*** RECORD SET Section Begins ***

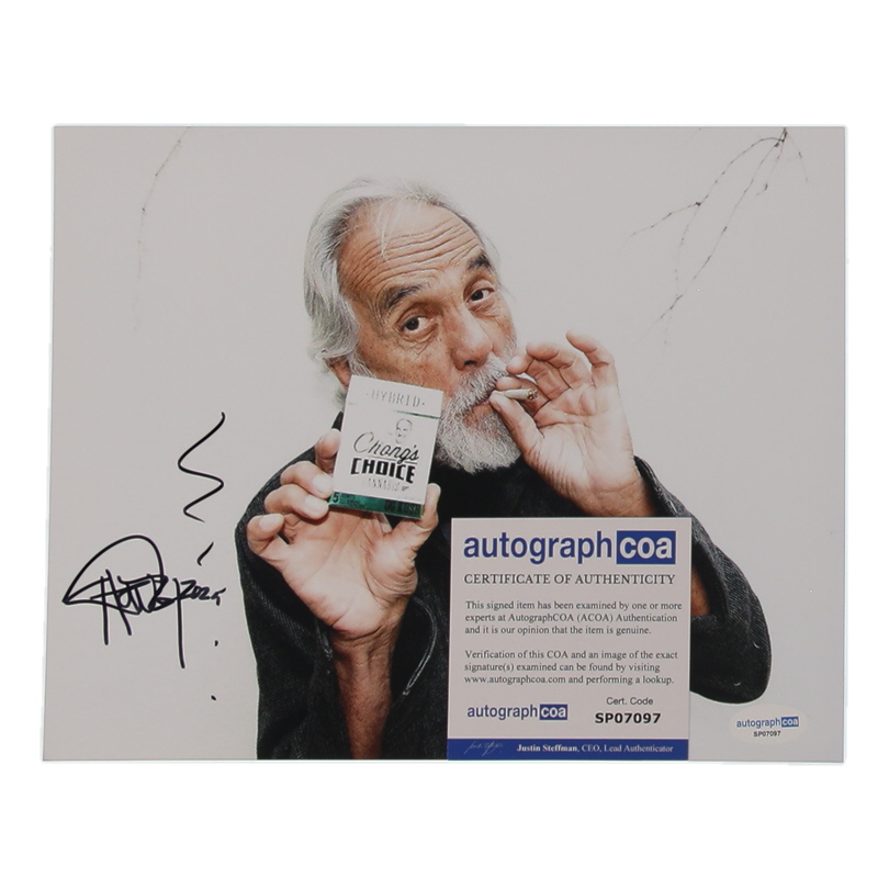 Photo measures 8" x 10" in size and has been hand-signed by Tommy Chong.
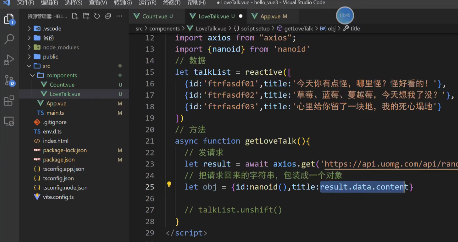 每个组件里面定义了不同的返回数据,现在把他们抽取出来
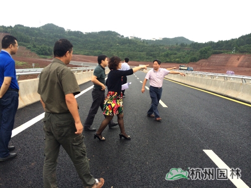 在工程現(xiàn)場,杭州市園林綠化股份有限公司現(xiàn)場技術(shù)負(fù)責(zé)人趙海耀對高速公路西入口的整體布署、設(shè)計理念及施工現(xiàn)狀做了詳細(xì)匯報。對于工程目前的進(jìn)展,史燚一行給予了肯定,同時,提出了對工程的要求和看法,希望在雙方的合作及共同努力下,工程能夠順利推進(jìn)并完美收工。
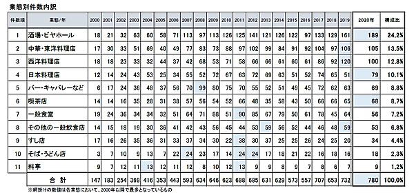業態別では「酒場・ビヤホール」189件(構成比24.2%)が最も多く、以下「中華・東洋料理店」105件(13.5%)、「西洋料理店」100件(12.8%)、「日本料理店」79件(10.1%)が続く。酒場・ビヤホールのほか、日本料理店と喫茶店は、過去最多の倒産数を記録している。
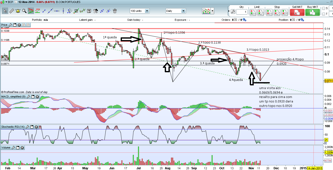 boas tardes a todos vou fazer uma analise ao BCP não esta muito bem mas temos de aproveitar esta onda que já esta a dar sinais de esgotamento muito sobre vendido .... vou resumir o meu estudo o BCP tem vindo afazer sempre topos sucessivos inferiores lower highs e quedas agressivas/sucessivas reparem no gráfico e podem concluir e analisar como eu um bem haja a todos
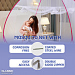 Classic Mosquito Net King Size Double Bed Foldable Machardani - Polyester 30 GSM Strong Net, PVC Coated Steel Wire, Pink, 1 pc

*** RECORD SET Section Ends ***

▶ [PROBLEM REQUIREMENTS]: The reply should hold the lines from the top of the records through the line containing "業態別では「酒場・ビヤホール", reproduced exactly, and no pictures.

▶ [ANSWER TO THIS EXERCISE]:
 Photo measures 8" x 10" in size and has been hand-signed by Tommy Chong.
 每个组件里面定义了不同的返回数据,现在把他们抽取出来
 在工程現(xiàn)場,杭州市園林綠化股份有限公司現(xiàn)場技術(shù)負(fù)責(zé)人趙海耀對高速公路西入口的整體布署、設(shè)計理念及施工現(xiàn)狀做了詳細(xì)匯報。對于工程目前的進(jìn)展,史燚一行給予了肯定,同時,提出了對工程的要求和看法,希望在雙方的合作及共同努力下,工程能夠順利推進(jìn)并完美收工。
業態別では「酒場・ビヤホール」189件(構成比24.2%)が最も多く、以下「中華・東洋料理店」105件(13.5%)、「西洋料理店」100件(12.8%)、「日本料理店」79件(10.1%)が続く。酒場・ビヤホールのほか、日本料理店と喫茶店は、過去最多の倒産数を記録している。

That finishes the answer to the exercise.